* **Your goal**
If an entry holds a picture, leave the picture out and copy the rest exactly.

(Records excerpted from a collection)
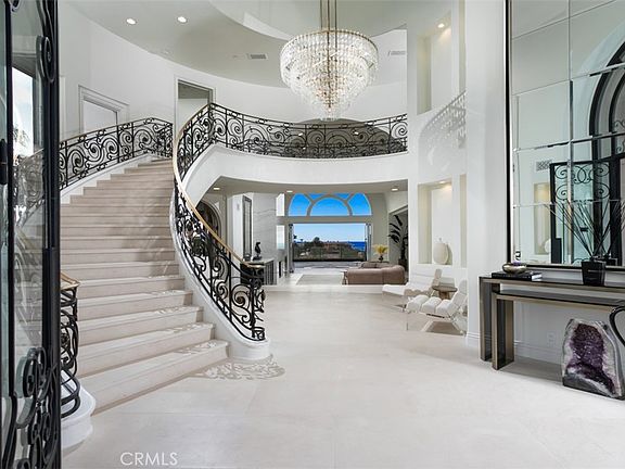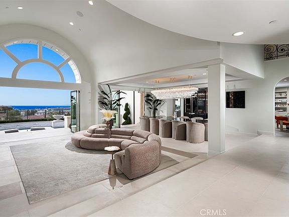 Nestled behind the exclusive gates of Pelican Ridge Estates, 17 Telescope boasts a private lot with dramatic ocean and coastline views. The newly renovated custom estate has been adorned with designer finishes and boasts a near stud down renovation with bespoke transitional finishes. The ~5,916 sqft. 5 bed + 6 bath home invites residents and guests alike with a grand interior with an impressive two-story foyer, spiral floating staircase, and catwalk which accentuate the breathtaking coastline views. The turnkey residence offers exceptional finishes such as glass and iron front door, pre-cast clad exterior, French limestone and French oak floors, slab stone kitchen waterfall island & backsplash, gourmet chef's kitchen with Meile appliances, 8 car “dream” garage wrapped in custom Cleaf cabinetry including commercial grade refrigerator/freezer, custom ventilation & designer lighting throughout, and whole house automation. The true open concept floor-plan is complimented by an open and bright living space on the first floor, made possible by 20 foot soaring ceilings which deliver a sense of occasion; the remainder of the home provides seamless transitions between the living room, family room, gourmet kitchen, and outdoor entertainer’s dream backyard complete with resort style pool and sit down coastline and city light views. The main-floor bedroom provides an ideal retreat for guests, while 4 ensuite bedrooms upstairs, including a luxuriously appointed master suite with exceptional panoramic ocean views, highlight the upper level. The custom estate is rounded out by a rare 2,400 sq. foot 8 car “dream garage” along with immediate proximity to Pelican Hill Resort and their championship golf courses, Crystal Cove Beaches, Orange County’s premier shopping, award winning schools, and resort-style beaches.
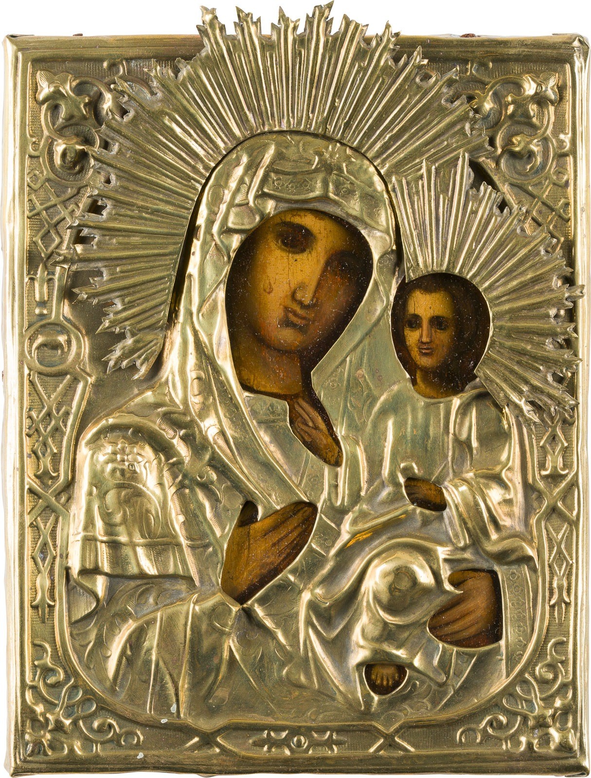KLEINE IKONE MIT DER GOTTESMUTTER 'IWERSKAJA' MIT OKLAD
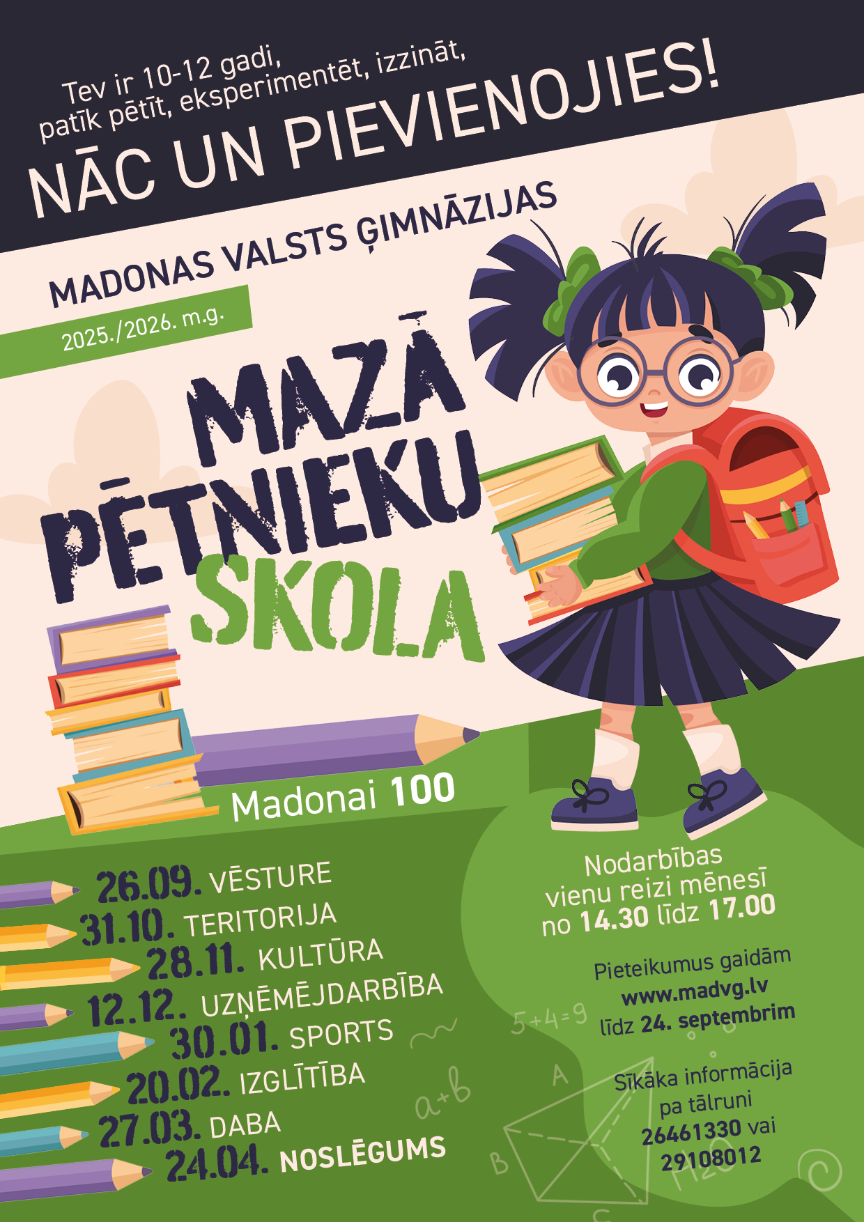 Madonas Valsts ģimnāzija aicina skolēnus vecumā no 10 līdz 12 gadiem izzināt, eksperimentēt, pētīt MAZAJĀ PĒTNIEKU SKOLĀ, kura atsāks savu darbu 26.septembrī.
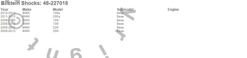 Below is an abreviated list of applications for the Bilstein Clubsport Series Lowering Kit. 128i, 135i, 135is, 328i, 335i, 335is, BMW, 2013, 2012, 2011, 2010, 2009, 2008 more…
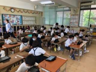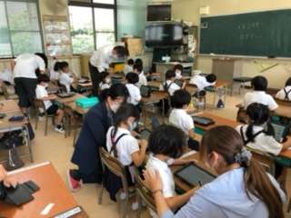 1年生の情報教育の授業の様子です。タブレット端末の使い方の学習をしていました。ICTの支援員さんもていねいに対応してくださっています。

* **Answer area**
 Nestled behind the exclusive gates of Pelican Ridge Estates, 17 Telescope boasts a private lot with dramatic ocean and coastline views. The newly renovated custom estate has been adorned with designer finishes and boasts a near stud down renovation with bespoke transitional finishes. The ~5,916 sqft. 5 bed + 6 bath home invites residents and guests alike with a grand interior with an impressive two-story foyer, spiral floating staircase, and catwalk which accentuate the breathtaking coastline views. The turnkey residence offers exceptional finishes such as glass and iron front door, pre-cast clad exterior, French limestone and French oak floors, slab stone kitchen waterfall island & backsplash, gourmet chef's kitchen with Meile appliances, 8 car “dream” garage wrapped in custom Cleaf cabinetry including commercial grade refrigerator/freezer, custom ventilation & designer lighting throughout, and whole house automation. The true open concept floor-plan is complimented by an open and bright living space on the first floor, made possible by 20 foot soaring ceilings which deliver a sense of occasion; the remainder of the home provides seamless transitions between the living room, family room, gourmet kitchen, and outdoor entertainer’s dream backyard complete with resort style pool and sit down coastline and city light views. The main-floor bedroom provides an ideal retreat for guests, while 4 ensuite bedrooms upstairs, including a luxuriously appointed master suite with exceptional panoramic ocean views, highlight the upper level. The custom estate is rounded out by a rare 2,400 sq. foot 8 car “dream garage” along with immediate proximity to Pelican Hill Resort and their championship golf courses, Crystal Cove Beaches, Orange County’s premier shopping, award winning schools, and resort-style beaches.
KLEINE IKONE MIT DER GOTTESMUTTER 'IWERSKAJA' MIT OKLAD
 Madonas Valsts ģimnāzija aicina skolēnus vecumā no 10 līdz 12 gadiem izzināt, eksperimentēt, pētīt MAZAJĀ PĒTNIEKU SKOLĀ, kura atsāks savu darbu 26.septembrī.
 Below is an abreviated list of applications for the Bilstein Clubsport Series Lowering Kit. 128i, 135i, 135is, 328i, 335i, 335is, BMW, 2013, 2012, 2011, 2010, 2009, 2008 more…
 1年生の情報教育の授業の様子です。タブレット端末の使い方の学習をしていました。ICTの支援員さんもていねいに対応してくださっています。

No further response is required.